The prognostic value of troponin in patients with non-ST elevation acute coronary syndromes: A meta-analysis JOURNAL OF THE AMERICAN COLLEGE OF CARDIOLOGY Heidenreich, P. A., Alloggiamento, T., Melsop, K., McDonald, K. M., Go, A. S., Hlatky, M. A. 2001; 38 (2): 478-485

Abstract

This study was designed to compare the prognostic value of an abnormal troponin level derived from studies of patients with non-ST elevation acute coronary syndromes (ACS).Risk stratification for patients with suspected ACS is important for determining need for hospitalization and intensity of treatment.We identified clinical trials and cohort studies of consecutive patients with suspected ACS without ST-elevation from 1966 through 1999. We excluded studies limited to patients with acute myocardial infarction and studies not reporting mortality or troponin results.Seven clinical trials and 19 cohort studies reported data for 5,360 patients with a troponin T test and 6,603 with a troponin I test.
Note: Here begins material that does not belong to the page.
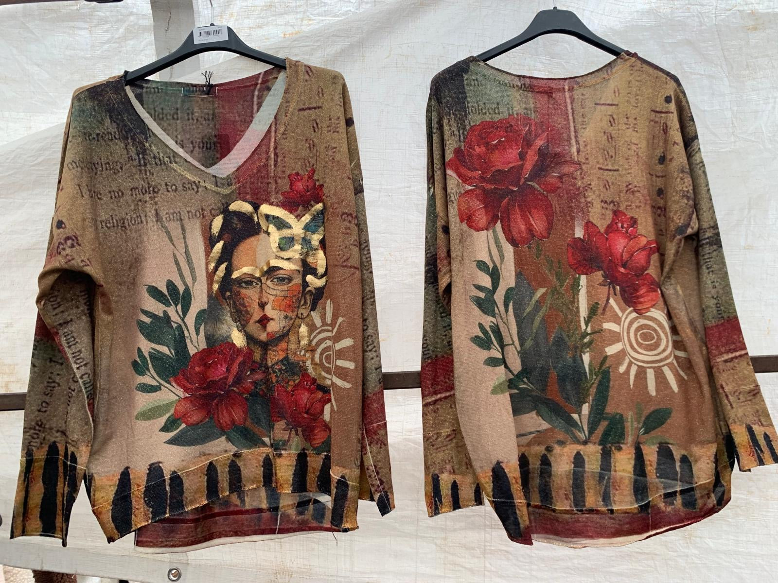 Make a statement with the Rosa Muse Shimmer Top, a striking piece featuring bold red roses and an artistic portrait print set against earthy tones. With its subtle shimmer detail, this top combines boho-chic flair with an artsy edge, perfect for standing out in style.

Patients with positive troponin (I or T) had significantly higher mortality than those with a negative test (5.2% vs. 1.6%, odds ratio [OR] 3.1). Cohort studies demonstrated a greater difference in mortality between patients with a positive versus negative troponin I (8.4% vs. 0.7%, OR 8.5) than clinical trials (4.8% if positive, 2.1% if negative, OR 2.6, p = 0.01). Prognostic value of a positive troponin T was also slightly greater for cohort studies (11.6% mortality if positive, 1.7% if negative, OR 5.1) than for clinical trials (3.8% if positive, 1.3% if negative, OR 3.0, p = 0.2)In patients with non-ST elevation ACS, the short-term odds of death are increased three- to eightfold for patients with an abnormal troponin test. Data from clinical trials suggest a lower prognostic value for troponin than do data from cohort studies.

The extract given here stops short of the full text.